The 6AQ5 (Mullard–Philips tube designation EL90) is a miniature 7-pin (B7G) audio power output pentode vacuum tube with ratings virtually identical to the 6V6 at 250 V. It was commonly used as an output audio amplifier in tube TVs and radios. It was also used in transmitter circuits. There are versions of this tube with extended ratings for industrial application which are designated as 6AQ5A (with controlled heater warm-up characteristic), and 6AQ5W/6005 or 6005W (shock and vibration resistant).

A push–pull pair is capable of producing at least 10W audio output power in class AB1.

Also, in some cases it was used as vertical deflection output tube during the 1950s, being also rated for this purpose.

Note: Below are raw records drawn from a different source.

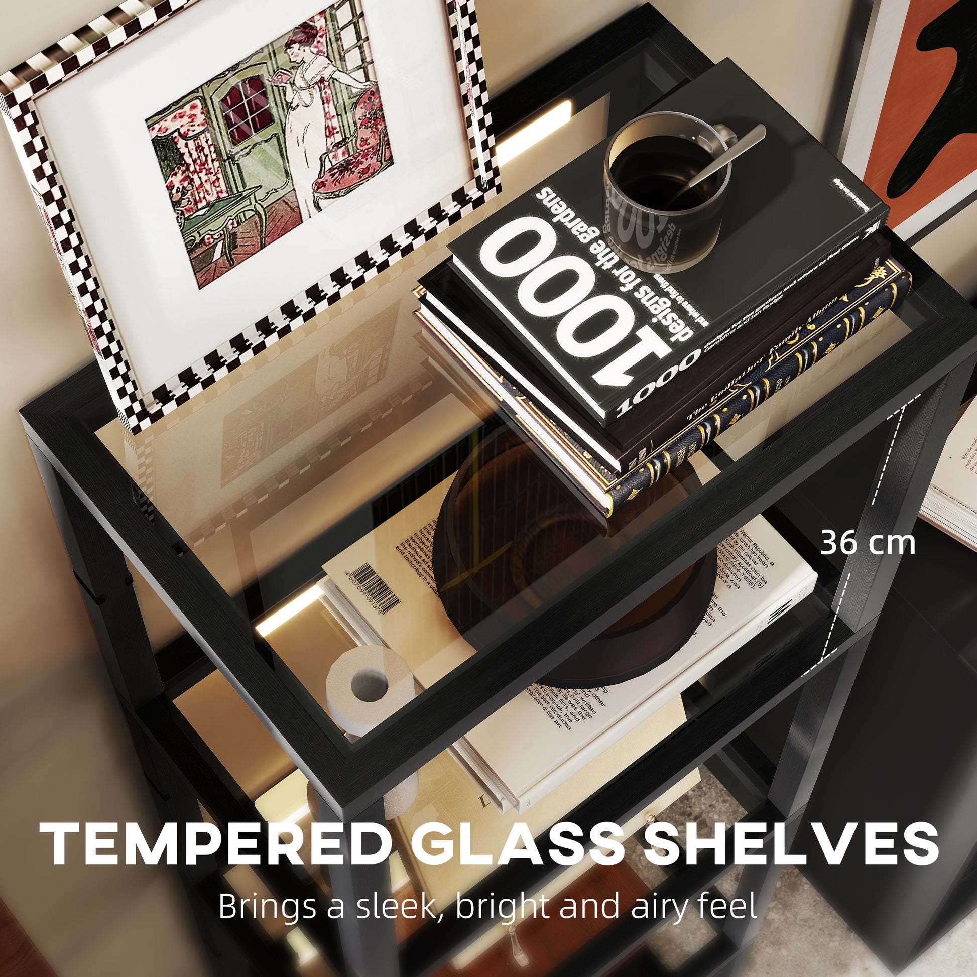 LED Floor Lamp with Glass Shelves, Dimmable Room Lamp, Black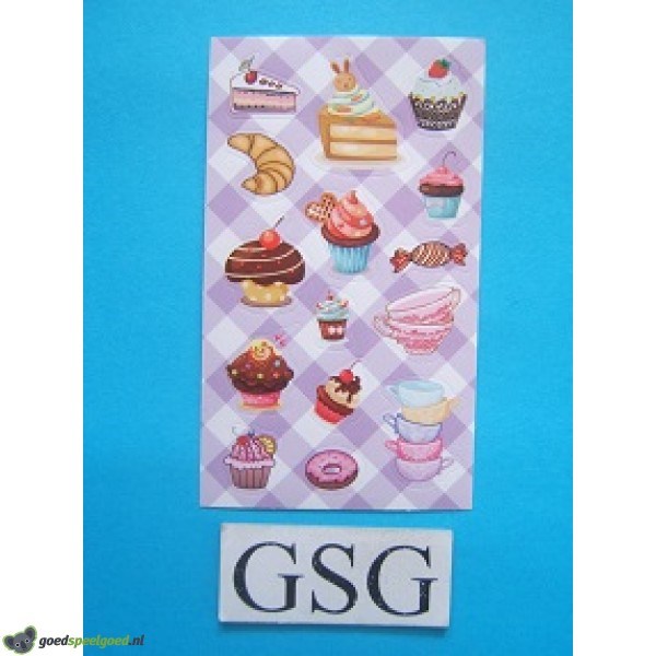 Stickervelletje met 15 stickers die betrekking hebben op het thema cupcakes. Let op achtergrondkleur kan variëren.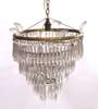 each with five circular graduated rings of hanging lustres below five foliate shaped glass finials (2)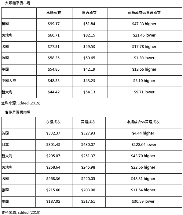 表6:永續(xù)成衣與普通成衣的平均零售價格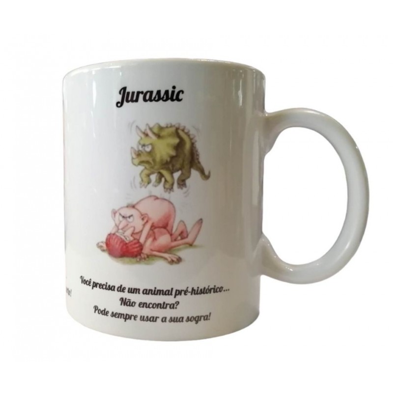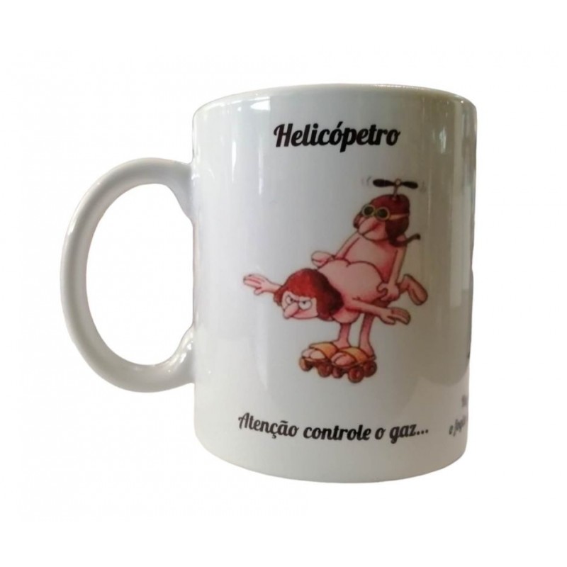 Caneca em cerâmica com varias imagens e texto sobre a imagem.

For this application, 6AQ5-A was preferred. It was used for 70- and 90-degree picture tubes, but also in some early colour sets in the frame output.

Other close or equivalent tube types are: 6HG5, 6HR5, 6669, 6BM5, N727, CV1862 and the Tesla 6L31. The 6CM6, like the Russian 6P1P (6П1П), while electrically equivalent (up to 250 V anode voltage), have a 9 pin (B9A) base. Another similar, but not identical, amplifier pentode with a miniature 9-Pin base (B9A), used in consumer electronics was the 6M5.